## RECORDED DATA
-- Opening Marker --
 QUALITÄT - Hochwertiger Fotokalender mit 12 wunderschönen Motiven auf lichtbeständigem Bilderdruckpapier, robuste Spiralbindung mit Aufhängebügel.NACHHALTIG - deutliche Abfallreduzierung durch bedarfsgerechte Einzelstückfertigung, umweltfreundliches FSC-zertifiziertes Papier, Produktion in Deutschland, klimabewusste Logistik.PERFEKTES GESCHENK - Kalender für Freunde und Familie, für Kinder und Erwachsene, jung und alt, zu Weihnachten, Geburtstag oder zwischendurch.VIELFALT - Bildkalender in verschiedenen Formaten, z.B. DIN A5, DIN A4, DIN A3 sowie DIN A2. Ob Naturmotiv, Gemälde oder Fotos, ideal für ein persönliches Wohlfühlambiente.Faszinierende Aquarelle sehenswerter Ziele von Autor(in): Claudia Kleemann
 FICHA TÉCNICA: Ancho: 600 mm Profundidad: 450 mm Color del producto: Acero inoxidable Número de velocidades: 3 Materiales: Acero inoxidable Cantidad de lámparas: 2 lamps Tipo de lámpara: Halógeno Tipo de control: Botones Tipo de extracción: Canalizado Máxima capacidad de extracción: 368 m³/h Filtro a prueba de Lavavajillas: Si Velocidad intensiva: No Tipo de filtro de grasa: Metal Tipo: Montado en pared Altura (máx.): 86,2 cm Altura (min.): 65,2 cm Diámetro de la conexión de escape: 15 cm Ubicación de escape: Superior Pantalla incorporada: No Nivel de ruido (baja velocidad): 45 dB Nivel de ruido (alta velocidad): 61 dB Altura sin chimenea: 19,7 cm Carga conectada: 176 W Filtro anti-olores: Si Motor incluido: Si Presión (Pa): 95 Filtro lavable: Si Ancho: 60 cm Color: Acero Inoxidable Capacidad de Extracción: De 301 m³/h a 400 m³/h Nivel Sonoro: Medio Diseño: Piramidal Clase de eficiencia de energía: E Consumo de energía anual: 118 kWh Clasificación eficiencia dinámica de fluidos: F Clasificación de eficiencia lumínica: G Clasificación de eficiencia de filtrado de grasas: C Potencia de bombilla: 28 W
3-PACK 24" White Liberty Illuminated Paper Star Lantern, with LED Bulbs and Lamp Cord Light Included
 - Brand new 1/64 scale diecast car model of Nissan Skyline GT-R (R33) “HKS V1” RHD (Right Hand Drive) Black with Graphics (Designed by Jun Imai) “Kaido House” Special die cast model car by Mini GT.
-- Closing Marker --
## WHAT YOU HAVE TO DO
All of the data above is to be transcribed without alteration.

## ANSWER SPACE
 QUALITÄT - Hochwertiger Fotokalender mit 12 wunderschönen Motiven auf lichtbeständigem Bilderdruckpapier, robuste Spiralbindung mit Aufhängebügel.NACHHALTIG - deutliche Abfallreduzierung durch bedarfsgerechte Einzelstückfertigung, umweltfreundliches FSC-zertifiziertes Papier, Produktion in Deutschland, klimabewusste Logistik.PERFEKTES GESCHENK - Kalender für Freunde und Familie, für Kinder und Erwachsene, jung und alt, zu Weihnachten, Geburtstag oder zwischendurch.VIELFALT - Bildkalender in verschiedenen Formaten, z.B. DIN A5, DIN A4, DIN A3 sowie DIN A2. Ob Naturmotiv, Gemälde oder Fotos, ideal für ein persönliches Wohlfühlambiente.Faszinierende Aquarelle sehenswerter Ziele von Autor(in): Claudia Kleemann
 FICHA TÉCNICA: Ancho: 600 mm Profundidad: 450 mm Color del producto: Acero inoxidable Número de velocidades: 3 Materiales: Acero inoxidable Cantidad de lámparas: 2 lamps Tipo de lámpara: Halógeno Tipo de control: Botones Tipo de extracción: Canalizado Máxima capacidad de extracción: 368 m³/h Filtro a prueba de Lavavajillas: Si Velocidad intensiva: No Tipo de filtro de grasa: Metal Tipo: Montado en pared Altura (máx.): 86,2 cm Altura (min.): 65,2 cm Diámetro de la conexión de escape: 15 cm Ubicación de escape: Superior Pantalla incorporada: No Nivel de ruido (baja velocidad): 45 dB Nivel de ruido (alta velocidad): 61 dB Altura sin chimenea: 19,7 cm Carga conectada: 176 W Filtro anti-olores: Si Motor incluido: Si Presión (Pa): 95 Filtro lavable: Si Ancho: 60 cm Color: Acero Inoxidable Capacidad de Extracción: De 301 m³/h a 400 m³/h Nivel Sonoro: Medio Diseño: Piramidal Clase de eficiencia de energía: E Consumo de energía anual: 118 kWh Clasificación eficiencia dinámica de fluidos: F Clasificación de eficiencia lumínica: G Clasificación de eficiencia de filtrado de grasas: C Potencia de bombilla: 28 W
3-PACK 24" White Liberty Illuminated Paper Star Lantern, with LED Bulbs and Lamp Cord Light Included
 - Brand new 1/64 scale diecast car model of Nissan Skyline GT-R (R33) “HKS V1” RHD (Right Hand Drive) Black with Graphics (Designed by Jun Imai) “Kaido House” Special die cast model car by Mini GT.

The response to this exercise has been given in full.